Item 2. Management’s Discussion and Analysis of Financial Condition and Results of Operations (in thousands)

General

     The Company primarily supplies financial and business information to institutional and retail investors worldwide. The Company is a leading provider of time sensitive pricing (including evaluated pricing), dividend, corporate action and descriptive information for approximately 3.5 million securities. The Company also provides fixed income portfolio analytics, consulting and valuation services to institutional fixed income portfolio managers. At the core of the business are its extensive database expertise and technology resources.

     The Company distributes real-time, end of day and historically archived data to customers through a variety of services featuring Internet, dedicated line, satellite and dialup delivery protocols. Through a broad range of strategic alliances, the Company provides links to leading financial service and software companies offering trading, analysis, portfolio management and valuation services.

     The services provided by the Company include the following:

     FT Interactive Data provides a wide range of high quality financial information to trading houses, custodians and fund managers worldwide. The financial information collected, generated and distributed includes pricing, descriptive and corporate action information on securities from all over the world.

     CMS BondEdge® provides fixed income analytical tools and models designed for investment managers, broker dealers, insurance companies and bank and pension fund managers.

     eSignal offers real-time, Internet and broadcast delivered subscription quote service primarily for active and professional traders offering charts, news, research, decision support tools and alerts direct to a laptop, PC or telephone.

     ComStock, which was acquired at the end of February 2003, provides a real-time information service, including worldwide financial data, news and historical information.

     The Company acquired from The McGraw-Hill Companies, Inc. the stock of S&P ComStock, Inc. and the assets of certain ComStock related McGraw-Hill businesses in the United Kingdom, France, Australia, Singapore and Hong Kong for $115,972 on February 28, 2003. The Company funded this acquisition from its existing cash resources.

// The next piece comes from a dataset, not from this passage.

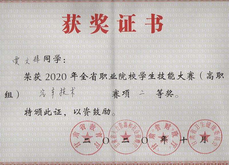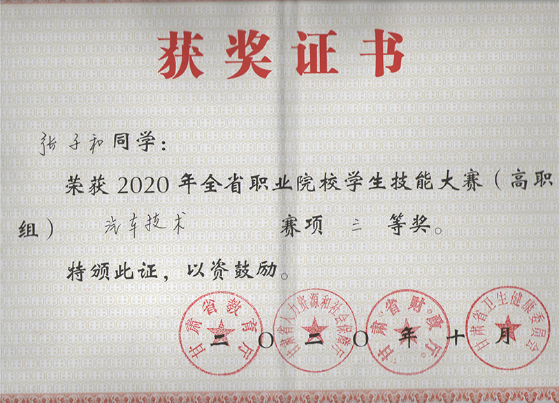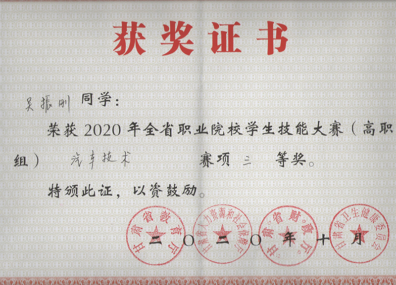 汽車工程系學(xué)生在2020年甘肅省職業(yè)院校學(xué)生技能大賽汽車技術(shù)賽項中獲獎

ComStock, a real-time information service, provides worldwide financial data, news and historical information. This acquisition provides the Company direct access to real-time market data from more than 180 stock exchanges and other sources worldwide. The acquisition also expands the Company’s real-time data feed services, and provides the Company the opportunity to market ComStock’s content and product to several thousand institutional customers worldwide.

     Market trends:

     In the second quarter of 2003, market conditions for the Company’s core market, the financial services industry, continued to remain difficult, with economic uncertainty continuing to adversely impact the industry and the Company’s customers. The main FT Interactive Data business continued to experience strong pressure from its customer base. This manifested itself in customers seeking to renegotiate service levels, customers analyzing their current data needs and eliminating duplicate or unnecessary feeds and higher than customary levels of cancellations, all primarily attributable to high levels of cost cutting at financial institutions and across the industry. The Company had hoped to see signs that the focus on cost cutting would abate; however, this has not yet happened. In addition, the Company continued to see a decline in the levels of discretionary spending where an element of a client’s subscription is based upon levels of portfolio activity which is driven in part by the number of new funds being created as well as levels of trading activities within funds and within portfolios. The Company continues to believe that much of the data supplied by the Company is mission critical to its customers and necessary for their operations regardless of market conditions, but the Company is not immune to the continuing cost pressures being experienced by its client base. The Company continues to invest in services that address fixed income securities as asset managers continue to move investments out of equities into fixed income instruments.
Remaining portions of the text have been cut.